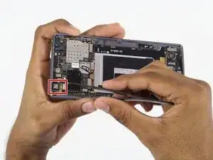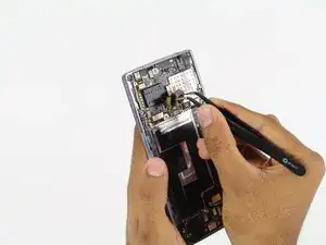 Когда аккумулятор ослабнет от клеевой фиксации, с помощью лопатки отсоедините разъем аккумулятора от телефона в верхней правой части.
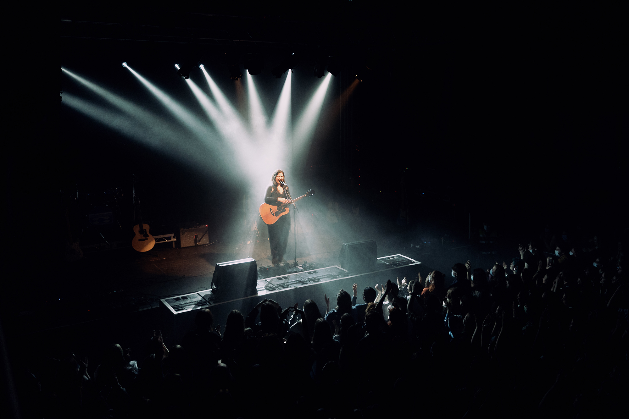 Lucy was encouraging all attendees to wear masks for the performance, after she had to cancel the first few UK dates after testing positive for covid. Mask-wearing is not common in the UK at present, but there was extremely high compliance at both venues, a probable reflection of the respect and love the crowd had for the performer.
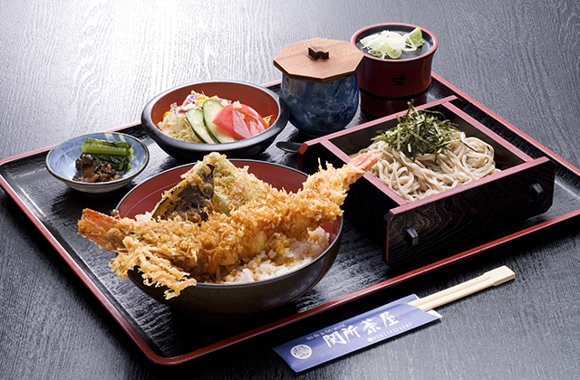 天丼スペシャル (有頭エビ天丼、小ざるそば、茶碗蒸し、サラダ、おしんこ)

==

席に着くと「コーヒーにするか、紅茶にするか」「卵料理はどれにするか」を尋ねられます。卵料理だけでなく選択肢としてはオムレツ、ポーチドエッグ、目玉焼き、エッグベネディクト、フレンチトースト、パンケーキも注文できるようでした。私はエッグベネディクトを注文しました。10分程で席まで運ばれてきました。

...

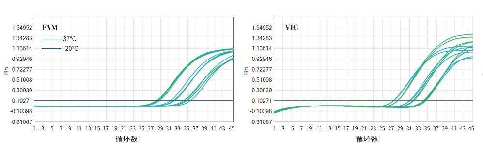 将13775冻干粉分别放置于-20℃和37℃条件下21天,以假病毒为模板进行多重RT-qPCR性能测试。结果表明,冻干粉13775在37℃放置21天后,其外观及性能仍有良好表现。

- Work request: Excerpt from the records above: set down only the lines from the one that contains "Lucy was encouraging" through the one that contains "天丼スペシャル (有頭エビ天丼、小ざるそば、茶碗蒸し、サラダ、おしんこ)", inclusive, word for word. Pictures stay out.

- Output of the task:
 Lucy was encouraging all attendees to wear masks for the performance, after she had to cancel the first few UK dates after testing positive for covid. Mask-wearing is not common in the UK at present, but there was extremely high compliance at both venues, a probable reflection of the respect and love the crowd had for the performer.
 天丼スペシャル (有頭エビ天丼、小ざるそば、茶碗蒸し、サラダ、おしんこ)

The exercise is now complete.